What you have to do:
All entries are to be reproduced exactly; the pictures are to be omitted.

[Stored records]
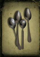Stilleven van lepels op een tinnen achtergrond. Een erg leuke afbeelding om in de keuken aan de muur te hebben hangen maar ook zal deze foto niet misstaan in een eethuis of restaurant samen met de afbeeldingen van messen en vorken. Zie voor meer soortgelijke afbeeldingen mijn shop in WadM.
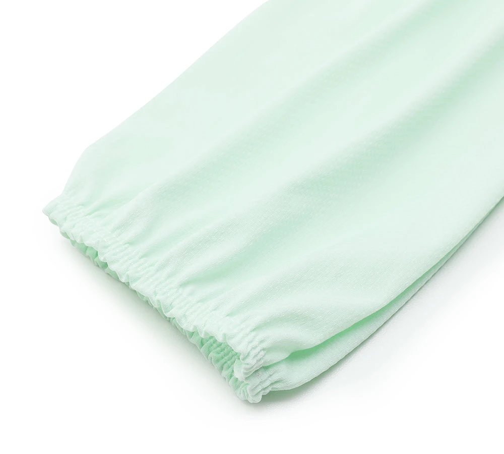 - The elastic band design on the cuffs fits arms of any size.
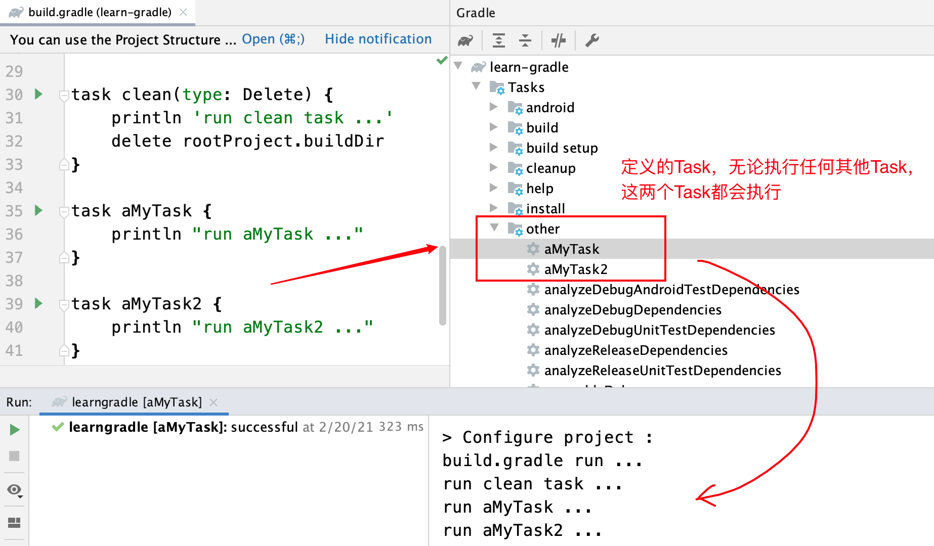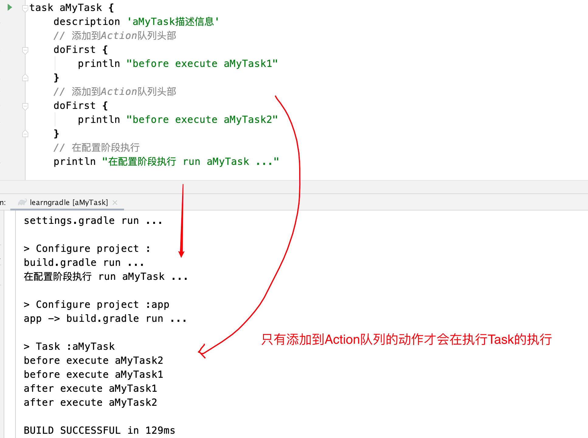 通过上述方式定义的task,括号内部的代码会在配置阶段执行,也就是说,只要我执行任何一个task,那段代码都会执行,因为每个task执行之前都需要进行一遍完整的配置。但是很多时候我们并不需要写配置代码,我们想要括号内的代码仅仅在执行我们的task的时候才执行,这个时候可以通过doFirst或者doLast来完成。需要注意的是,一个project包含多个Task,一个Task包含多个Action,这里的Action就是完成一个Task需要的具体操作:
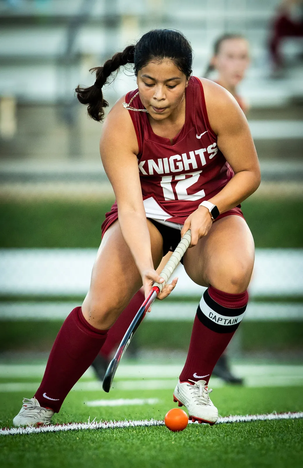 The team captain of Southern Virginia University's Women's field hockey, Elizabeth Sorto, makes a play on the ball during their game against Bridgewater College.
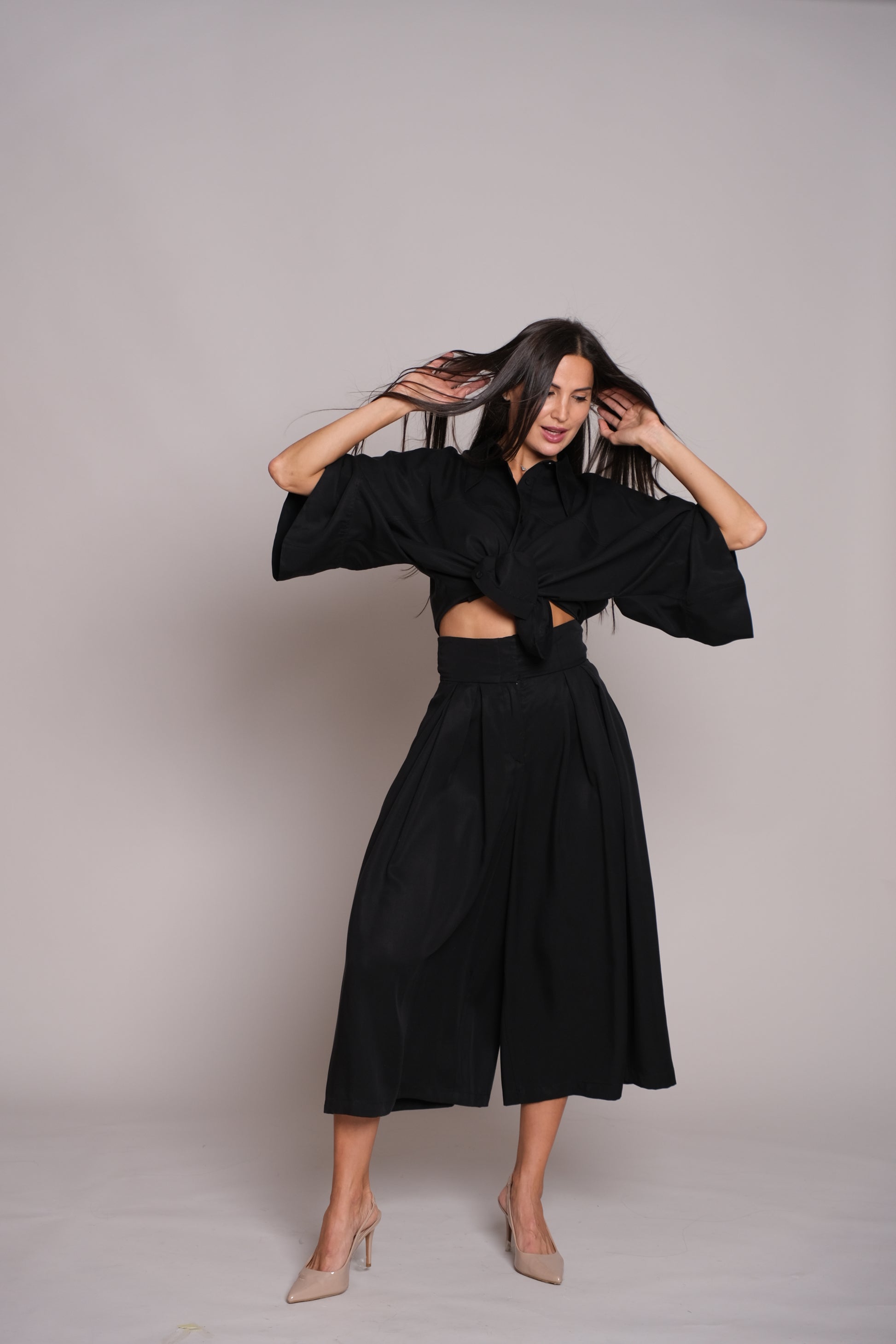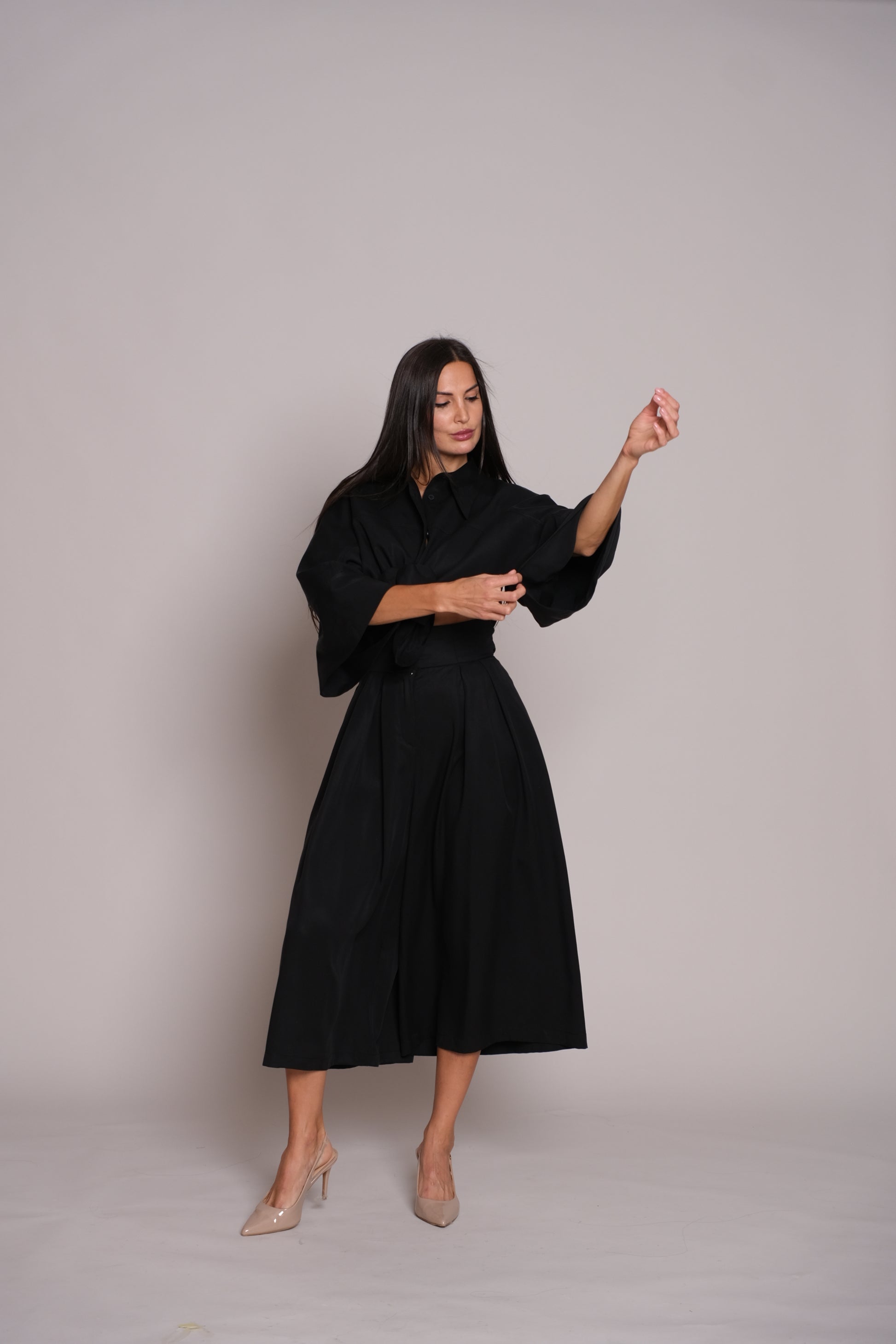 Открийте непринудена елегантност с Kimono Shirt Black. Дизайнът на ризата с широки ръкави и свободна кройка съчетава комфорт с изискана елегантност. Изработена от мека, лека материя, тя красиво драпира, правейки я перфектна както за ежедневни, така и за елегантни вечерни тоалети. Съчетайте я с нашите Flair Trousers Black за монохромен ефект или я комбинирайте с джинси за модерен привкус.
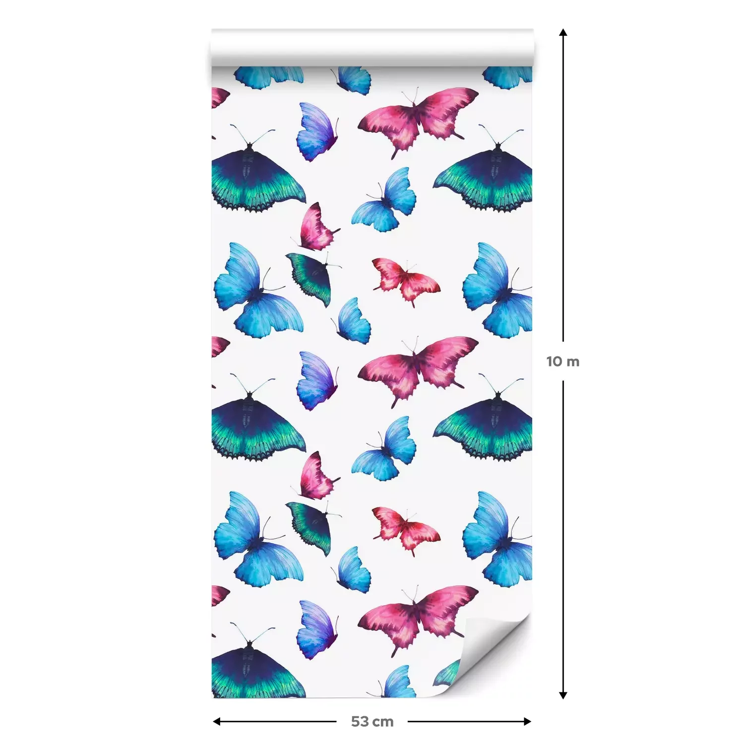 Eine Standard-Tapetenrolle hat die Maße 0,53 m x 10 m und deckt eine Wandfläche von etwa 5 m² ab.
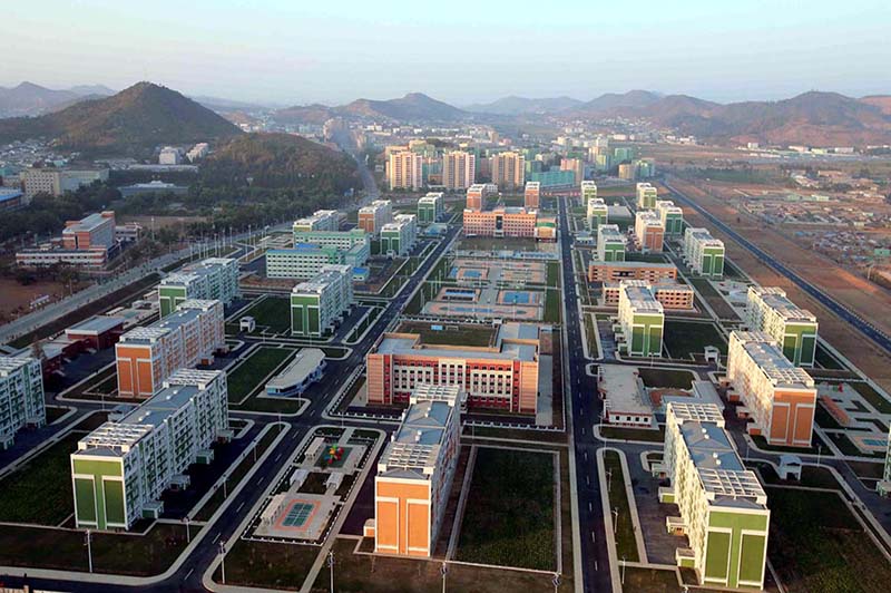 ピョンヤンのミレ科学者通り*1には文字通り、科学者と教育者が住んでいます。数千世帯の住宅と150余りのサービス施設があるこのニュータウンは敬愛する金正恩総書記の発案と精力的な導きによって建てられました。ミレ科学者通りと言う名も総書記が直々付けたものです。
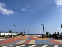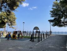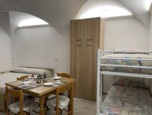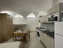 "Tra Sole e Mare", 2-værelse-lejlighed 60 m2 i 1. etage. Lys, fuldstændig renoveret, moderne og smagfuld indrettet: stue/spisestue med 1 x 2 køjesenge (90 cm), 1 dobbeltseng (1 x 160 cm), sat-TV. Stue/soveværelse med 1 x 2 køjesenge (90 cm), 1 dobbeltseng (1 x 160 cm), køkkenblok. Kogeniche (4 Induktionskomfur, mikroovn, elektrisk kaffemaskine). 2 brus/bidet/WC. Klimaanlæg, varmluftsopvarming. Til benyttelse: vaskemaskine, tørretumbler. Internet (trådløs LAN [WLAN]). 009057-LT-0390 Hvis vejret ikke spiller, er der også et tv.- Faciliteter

Output for this exercise:
Stilleven van lepels op een tinnen achtergrond. Een erg leuke afbeelding om in de keuken aan de muur te hebben hangen maar ook zal deze foto niet misstaan in een eethuis of restaurant samen met de afbeeldingen van messen en vorken. Zie voor meer soortgelijke afbeeldingen mijn shop in WadM.
 - The elastic band design on the cuffs fits arms of any size.
 通过上述方式定义的task,括号内部的代码会在配置阶段执行,也就是说,只要我执行任何一个task,那段代码都会执行,因为每个task执行之前都需要进行一遍完整的配置。但是很多时候我们并不需要写配置代码,我们想要括号内的代码仅仅在执行我们的task的时候才执行,这个时候可以通过doFirst或者doLast来完成。需要注意的是,一个project包含多个Task,一个Task包含多个Action,这里的Action就是完成一个Task需要的具体操作:
 The team captain of Southern Virginia University's Women's field hockey, Elizabeth Sorto, makes a play on the ball during their game against Bridgewater College.
 Открийте непринудена елегантност с Kimono Shirt Black. Дизайнът на ризата с широки ръкави и свободна кройка съчетава комфорт с изискана елегантност. Изработена от мека, лека материя, тя красиво драпира, правейки я перфектна както за ежедневни, така и за елегантни вечерни тоалети. Съчетайте я с нашите Flair Trousers Black за монохромен ефект или я комбинирайте с джинси за модерен привкус.
 Eine Standard-Tapetenrolle hat die Maße 0,53 m x 10 m und deckt eine Wandfläche von etwa 5 m² ab.
 ピョンヤンのミレ科学者通り*1には文字通り、科学者と教育者が住んでいます。数千世帯の住宅と150余りのサービス施設があるこのニュータウンは敬愛する金正恩総書記の発案と精力的な導きによって建てられました。ミレ科学者通りと言う名も総書記が直々付けたものです。
 "Tra Sole e Mare", 2-værelse-lejlighed 60 m2 i 1. etage. Lys, fuldstændig renoveret, moderne og smagfuld indrettet: stue/spisestue med 1 x 2 køjesenge (90 cm), 1 dobbeltseng (1 x 160 cm), sat-TV. Stue/soveværelse med 1 x 2 køjesenge (90 cm), 1 dobbeltseng (1 x 160 cm), køkkenblok. Kogeniche (4 Induktionskomfur, mikroovn, elektrisk kaffemaskine). 2 brus/bidet/WC. Klimaanlæg, varmluftsopvarming. Til benyttelse: vaskemaskine, tørretumbler. Internet (trådløs LAN [WLAN]). 009057-LT-0390 Hvis vejret ikke spiller, er der også et tv.- Faciliteter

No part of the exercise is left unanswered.